### Your instructions
Your answer must be an exact copy of the entries below, with no pictures in it.

### Input material

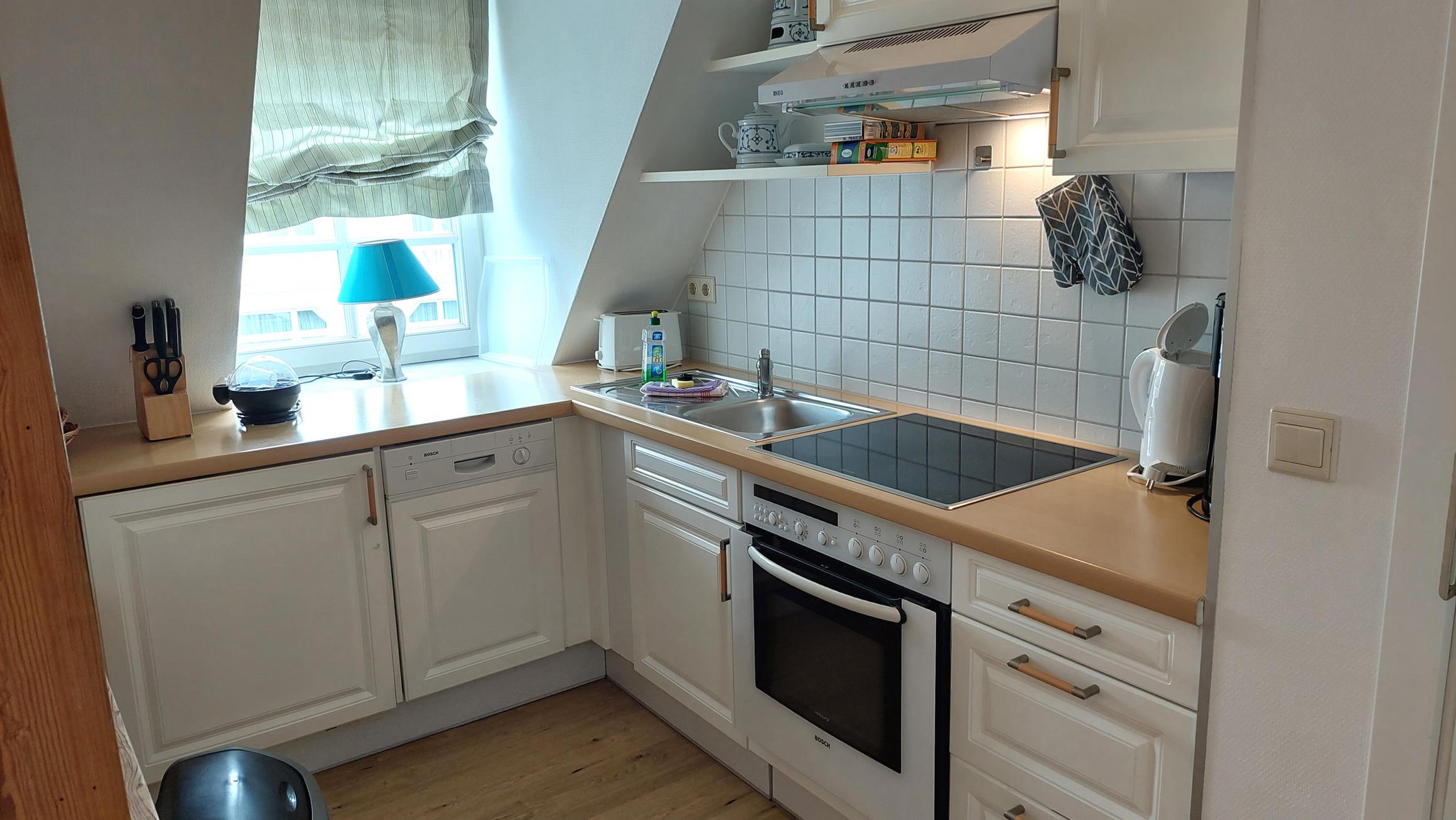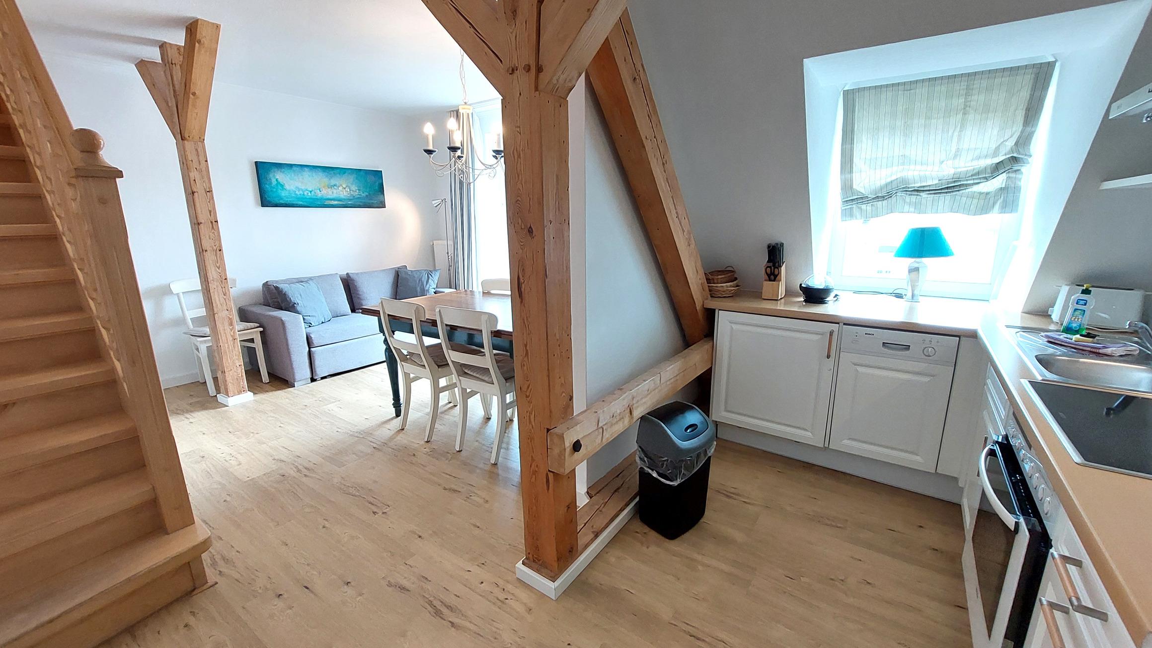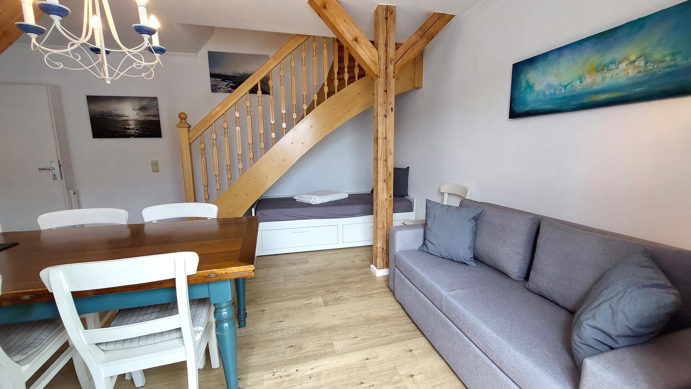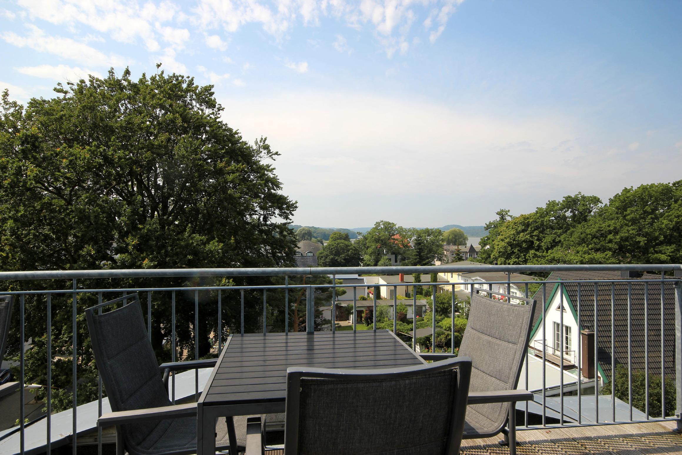 Ihre moderne Maisonette-Wohnung 26RB12 - Silbermöwe hat eine Größe von ca. 67 qm und ist für 5 Personen eingerichtet. Das 3-Raum-Appartement befindet sich im 2. und 3. Obergeschoss und verfügt über eine große Dachterrasse mit Blick über die Dächer von Binz sowie einen Balkon der zu einem sonnigen Frühstück einlädt. Im 2. Obergeschoss befindet sich der gemütliche Wohnraum mit angrenzender Wohnküche, das Bad sowie ein Schlafzimmer mit Doppelstockbett und Kleiderschrank. Der Wohnbereich verfügt über ein Sofa, einen Fernseher sowie Stereo-Anlage. Eine weitere vollwertige Schlafgelegenheit befindet sich in der Nische unter der Treppe. Die Küchenzeile ist komplett ausgestattet mit Geschirrspüler, Backofen, Ceranfeld, Kühlschrank, Kaffeemaschine, Wasserkocher und Toaster. Das schöne Duschbad verfügt über einen großen Waschtisch, WC sowie eigene Waschmaschine und Trockner. Über die Holztreppe gelangen Sie in das 3. Obergeschoss direkt in das geräumige Schlafzimmer. Hier finden Sie ein Doppelbett, Sitzmöglichkeiten, einen zusätzlichen Fernseher sowie den Zugang zur Dachterrasse. Für die bequeme Erreichbarkeit ist ein Aufzug im Haus vorhanden. Ein Stellplatz steht Ihnen im nahe gelegenen Parkhaus zur Verfügung. Unseren Gästen steht ein kostenfreier W-Lan Zugang zur Verfügung.
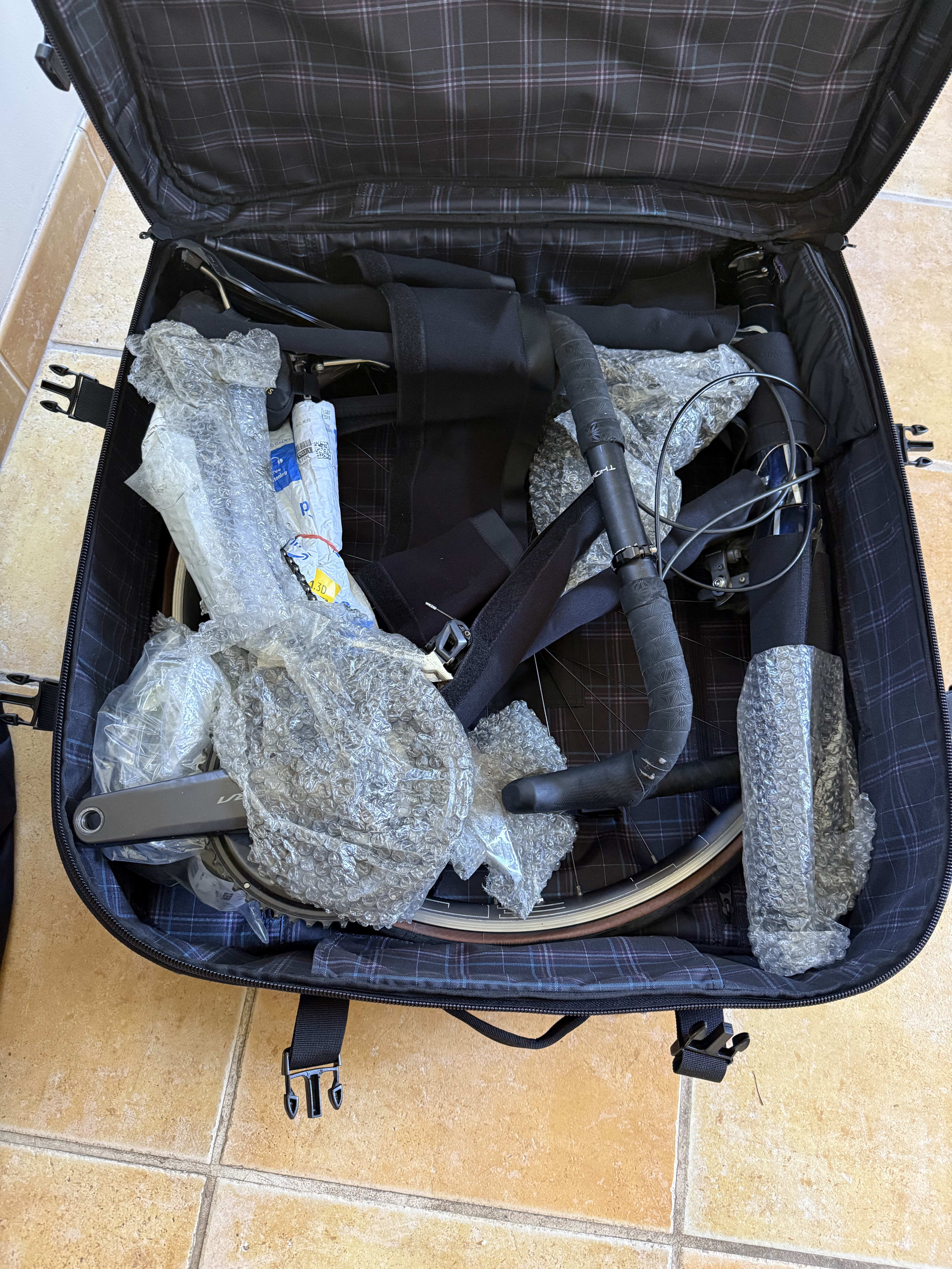 So I’m that guy that removes the crankset, pulls the fork, removes the chain using a master link, etc etc. These days I even pack my handlebars in my small duffel carry-on bag because it doesn’t actually take up that much space but is far easier than the breakaway case!
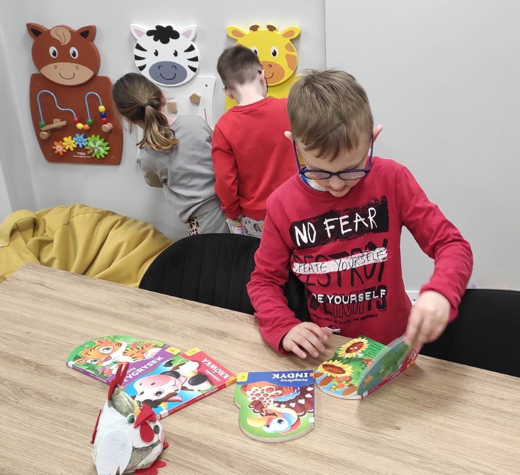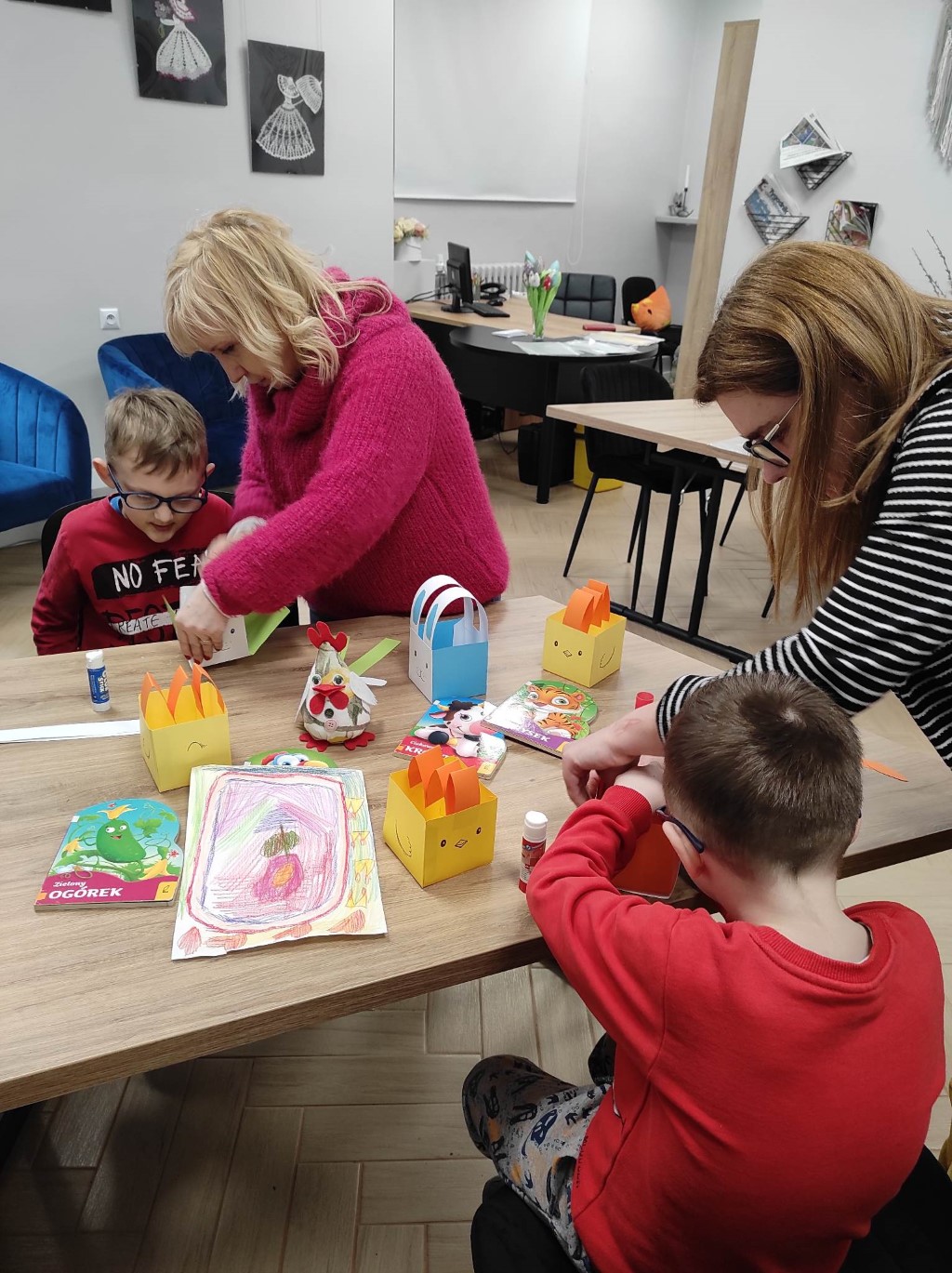1Wczoraj w Filii nr 1 Miejskiej Biblioteki Publicznej  rozpoczęliśmy cykl zajęć z dziećmi  w ramach  projektu "Kultura bez barier". Odwiedziła nas grupa przedszkolaków ze Specjalnego Ośrodka Szkolno-Wychowawczego. Tematem przewodnim były nadchodzące święta wielkanocne. Podczas zajęć dzieci wykonały koszyczki wielkanocne z papieru. W dalszej części spotkania dzieci uczestniczyły w przygotowanych grach: rzut do celu, Memory,  korzystały z tablic sensorycznych oraz przeglądały nowości książkowe dla najmłodszych czytelników. Zajęcia przebiegły w radosnej atmosferze. Dziękujemy dzieciom oraz wychowawcom za współpracę.
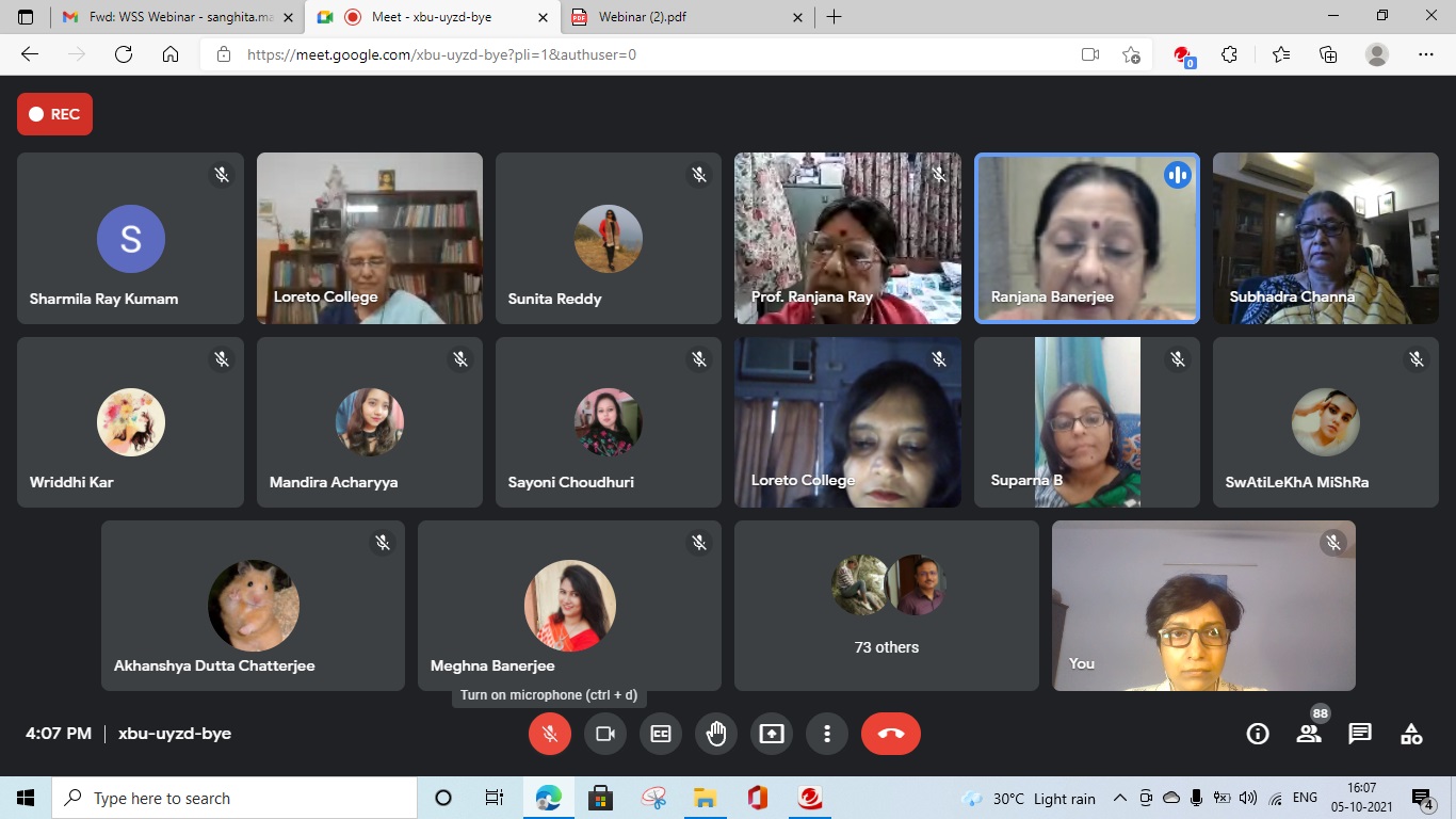 Women’s Studies Society of the college had organized a Panel discussion on Gender Dynamics in Disaster Risk and Resilience on October 5, 2021. The programme was conducted over Google Meet. The panelists were Prof. Subhadra Channa, now retired faculty of the Department of Anthropology, Delhi University and Dr. Sunita Reddy, Associate Professor, Centre of Social Medicine and Community Health, School of Social Sciences, Jawaharlal Nehru University. The panel was moderated by Ranjana Ray, Professor Emeritus, Department of Anthropology, University of Calcutta. The session highlighted the various aspects of disasters in the rural, urban context, and the inherent gender-gaps in risk, resilience, redressal systems and conditions around the social functions of gender. The panelists put forward their opinions and views with cogent examples and it was well-underpinned by the moderator. The question-answer session at the end was bright with enthusiastic interaction between the speakers and the audience. The Women’s Studies Society plans to do multiple such short panel discussions in future, that can focus on pertinent social/gender-based issues and add to the general awareness of the academic community of students and faculty of the institution.
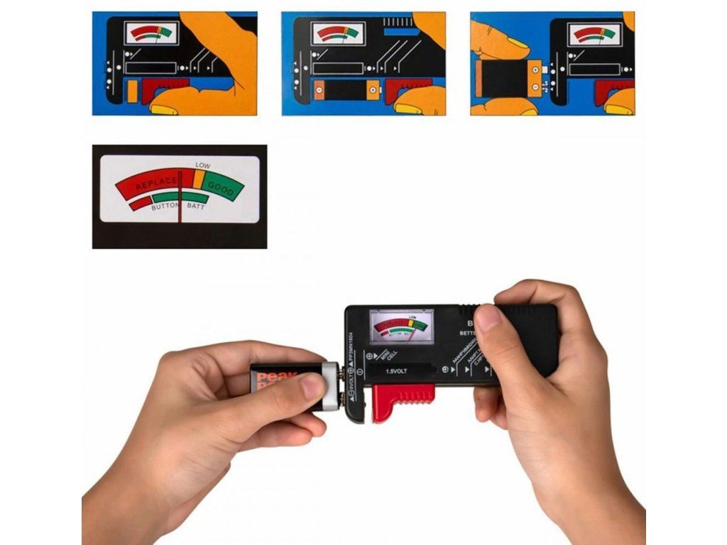 Tester baterií - malé zařízení, které umožňuje velmi jednoduchým a rychlým způsobem zkontrolovat, zda jsou námi používané baterie a akumulátory funkční. Digitální a analogové fotoaparáty vyžadují dobré baterie nebo akumulátory a často si nejsme jisti, zda má naše zařízení dobré napájení nebo zda jsou baterie dobře nabité. Můžete zkontrolovat pomocí tohoto testeru.
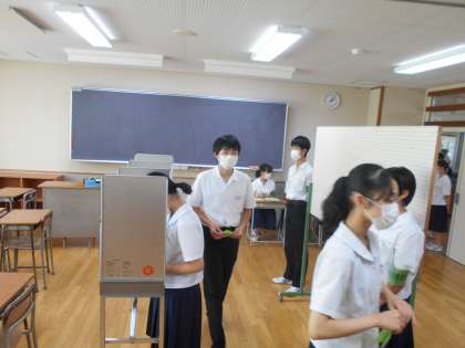 本校の投票で使用される投票箱及び記載台は、実際の選挙で使われているものです。生徒たちは緊張しながらも、自分たちの学校のために真剣に考えて投票していました。今後、生徒会活動がますます充実したものになることを願います。
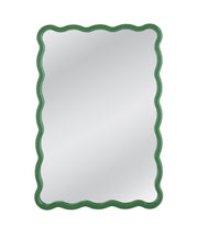 The Cassia Wall Mirror is an ideal accent to enliven your space, boasting a fun green frame for a vibrant touch. Its wavy edges offer a playful twist on the traditional rectangular shape, adding character to any room. Crafted with a green finish, this mirror complements your decor effortlessly.
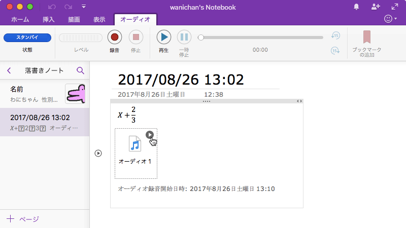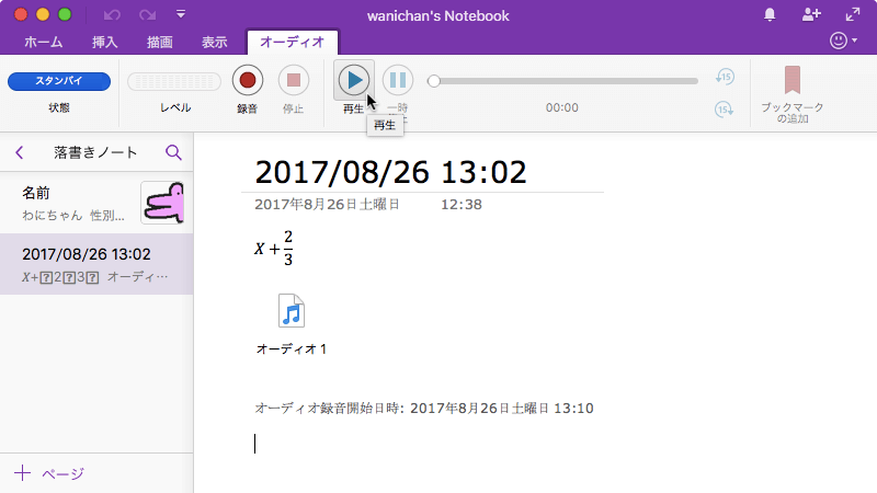 オーディオ録音のアイコンをクリックして[再生]をクリック

### Answer below
 Ihre moderne Maisonette-Wohnung 26RB12 - Silbermöwe hat eine Größe von ca. 67 qm und ist für 5 Personen eingerichtet. Das 3-Raum-Appartement befindet sich im 2. und 3. Obergeschoss und verfügt über eine große Dachterrasse mit Blick über die Dächer von Binz sowie einen Balkon der zu einem sonnigen Frühstück einlädt. Im 2. Obergeschoss befindet sich der gemütliche Wohnraum mit angrenzender Wohnküche, das Bad sowie ein Schlafzimmer mit Doppelstockbett und Kleiderschrank. Der Wohnbereich verfügt über ein Sofa, einen Fernseher sowie Stereo-Anlage. Eine weitere vollwertige Schlafgelegenheit befindet sich in der Nische unter der Treppe. Die Küchenzeile ist komplett ausgestattet mit Geschirrspüler, Backofen, Ceranfeld, Kühlschrank, Kaffeemaschine, Wasserkocher und Toaster. Das schöne Duschbad verfügt über einen großen Waschtisch, WC sowie eigene Waschmaschine und Trockner. Über die Holztreppe gelangen Sie in das 3. Obergeschoss direkt in das geräumige Schlafzimmer. Hier finden Sie ein Doppelbett, Sitzmöglichkeiten, einen zusätzlichen Fernseher sowie den Zugang zur Dachterrasse. Für die bequeme Erreichbarkeit ist ein Aufzug im Haus vorhanden. Ein Stellplatz steht Ihnen im nahe gelegenen Parkhaus zur Verfügung. Unseren Gästen steht ein kostenfreier W-Lan Zugang zur Verfügung.
 So I’m that guy that removes the crankset, pulls the fork, removes the chain using a master link, etc etc. These days I even pack my handlebars in my small duffel carry-on bag because it doesn’t actually take up that much space but is far easier than the breakaway case!
1Wczoraj w Filii nr 1 Miejskiej Biblioteki Publicznej  rozpoczęliśmy cykl zajęć z dziećmi  w ramach  projektu "Kultura bez barier". Odwiedziła nas grupa przedszkolaków ze Specjalnego Ośrodka Szkolno-Wychowawczego. Tematem przewodnim były nadchodzące święta wielkanocne. Podczas zajęć dzieci wykonały koszyczki wielkanocne z papieru. W dalszej części spotkania dzieci uczestniczyły w przygotowanych grach: rzut do celu, Memory,  korzystały z tablic sensorycznych oraz przeglądały nowości książkowe dla najmłodszych czytelników. Zajęcia przebiegły w radosnej atmosferze. Dziękujemy dzieciom oraz wychowawcom za współpracę.
 Women’s Studies Society of the college had organized a Panel discussion on Gender Dynamics in Disaster Risk and Resilience on October 5, 2021. The programme was conducted over Google Meet. The panelists were Prof. Subhadra Channa, now retired faculty of the Department of Anthropology, Delhi University and Dr. Sunita Reddy, Associate Professor, Centre of Social Medicine and Community Health, School of Social Sciences, Jawaharlal Nehru University. The panel was moderated by Ranjana Ray, Professor Emeritus, Department of Anthropology, University of Calcutta. The session highlighted the various aspects of disasters in the rural, urban context, and the inherent gender-gaps in risk, resilience, redressal systems and conditions around the social functions of gender. The panelists put forward their opinions and views with cogent examples and it was well-underpinned by the moderator. The question-answer session at the end was bright with enthusiastic interaction between the speakers and the audience. The Women’s Studies Society plans to do multiple such short panel discussions in future, that can focus on pertinent social/gender-based issues and add to the general awareness of the academic community of students and faculty of the institution.
 Tester baterií - malé zařízení, které umožňuje velmi jednoduchým a rychlým způsobem zkontrolovat, zda jsou námi používané baterie a akumulátory funkční. Digitální a analogové fotoaparáty vyžadují dobré baterie nebo akumulátory a často si nejsme jisti, zda má naše zařízení dobré napájení nebo zda jsou baterie dobře nabité. Můžete zkontrolovat pomocí tohoto testeru.
 本校の投票で使用される投票箱及び記載台は、実際の選挙で使われているものです。生徒たちは緊張しながらも、自分たちの学校のために真剣に考えて投票していました。今後、生徒会活動がますます充実したものになることを願います。
 The Cassia Wall Mirror is an ideal accent to enliven your space, boasting a fun green frame for a vibrant touch. Its wavy edges offer a playful twist on the traditional rectangular shape, adding character to any room. Crafted with a green finish, this mirror complements your decor effortlessly.
 オーディオ録音のアイコンをクリックして[再生]をクリック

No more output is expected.